START DATASET

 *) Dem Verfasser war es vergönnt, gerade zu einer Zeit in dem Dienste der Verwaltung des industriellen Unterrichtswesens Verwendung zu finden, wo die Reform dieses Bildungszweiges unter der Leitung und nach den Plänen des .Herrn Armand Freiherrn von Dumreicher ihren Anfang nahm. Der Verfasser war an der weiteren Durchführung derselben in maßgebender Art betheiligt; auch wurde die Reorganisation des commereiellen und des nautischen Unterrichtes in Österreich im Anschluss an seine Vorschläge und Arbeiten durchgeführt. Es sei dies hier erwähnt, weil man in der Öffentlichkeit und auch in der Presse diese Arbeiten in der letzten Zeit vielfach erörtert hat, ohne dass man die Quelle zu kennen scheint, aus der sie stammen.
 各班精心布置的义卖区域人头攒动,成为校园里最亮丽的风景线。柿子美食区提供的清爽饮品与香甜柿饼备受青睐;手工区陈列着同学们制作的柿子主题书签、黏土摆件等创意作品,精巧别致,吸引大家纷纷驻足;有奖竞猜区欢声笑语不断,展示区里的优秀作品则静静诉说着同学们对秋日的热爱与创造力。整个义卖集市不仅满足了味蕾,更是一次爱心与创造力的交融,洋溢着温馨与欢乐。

END DATASET
START DATASET

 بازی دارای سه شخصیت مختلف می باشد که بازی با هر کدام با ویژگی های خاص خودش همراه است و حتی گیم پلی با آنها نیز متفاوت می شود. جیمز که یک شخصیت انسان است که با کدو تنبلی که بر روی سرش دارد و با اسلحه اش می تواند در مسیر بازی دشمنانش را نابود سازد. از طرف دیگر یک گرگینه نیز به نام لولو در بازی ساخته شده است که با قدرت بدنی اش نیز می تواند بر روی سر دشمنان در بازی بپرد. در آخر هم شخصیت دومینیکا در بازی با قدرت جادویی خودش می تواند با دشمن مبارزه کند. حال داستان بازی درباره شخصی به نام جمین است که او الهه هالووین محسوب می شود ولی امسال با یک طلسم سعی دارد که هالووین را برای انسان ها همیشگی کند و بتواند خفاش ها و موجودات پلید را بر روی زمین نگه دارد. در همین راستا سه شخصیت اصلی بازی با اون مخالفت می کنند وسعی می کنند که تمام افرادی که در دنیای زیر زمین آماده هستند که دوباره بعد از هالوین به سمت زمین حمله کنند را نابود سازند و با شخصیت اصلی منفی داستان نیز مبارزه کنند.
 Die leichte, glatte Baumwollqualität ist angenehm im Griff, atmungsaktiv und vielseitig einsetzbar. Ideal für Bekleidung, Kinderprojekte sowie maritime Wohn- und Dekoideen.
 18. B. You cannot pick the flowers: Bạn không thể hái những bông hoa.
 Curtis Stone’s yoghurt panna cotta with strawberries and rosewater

END DATASET

WORK TO BE COMPLETED: From the records above, transcribe exactly the run of lines that opens with the line holding "بازی دارای سه" and closes with the line holding "Die leichte, glatte", both included.

SOLUTION TO THIS TASK:
 بازی دارای سه شخصیت مختلف می باشد که بازی با هر کدام با ویژگی های خاص خودش همراه است و حتی گیم پلی با آنها نیز متفاوت می شود. جیمز که یک شخصیت انسان است که با کدو تنبلی که بر روی سرش دارد و با اسلحه اش می تواند در مسیر بازی دشمنانش را نابود سازد. از طرف دیگر یک گرگینه نیز به نام لولو در بازی ساخته شده است که با قدرت بدنی اش نیز می تواند بر روی سر دشمنان در بازی بپرد. در آخر هم شخصیت دومینیکا در بازی با قدرت جادویی خودش می تواند با دشمن مبارزه کند. حال داستان بازی درباره شخصی به نام جمین است که او الهه هالووین محسوب می شود ولی امسال با یک طلسم سعی دارد که هالووین را برای انسان ها همیشگی کند و بتواند خفاش ها و موجودات پلید را بر روی زمین نگه دارد. در همین راستا سه شخصیت اصلی بازی با اون مخالفت می کنند وسعی می کنند که تمام افرادی که در دنیای زیر زمین آماده هستند که دوباره بعد از هالوین به سمت زمین حمله کنند را نابود سازند و با شخصیت اصلی منفی داستان نیز مبارزه کنند.
 Die leichte, glatte Baumwollqualität ist angenehm im Griff, atmungsaktiv und vielseitig einsetzbar. Ideal für Bekleidung, Kinderprojekte sowie maritime Wohn- und Dekoideen.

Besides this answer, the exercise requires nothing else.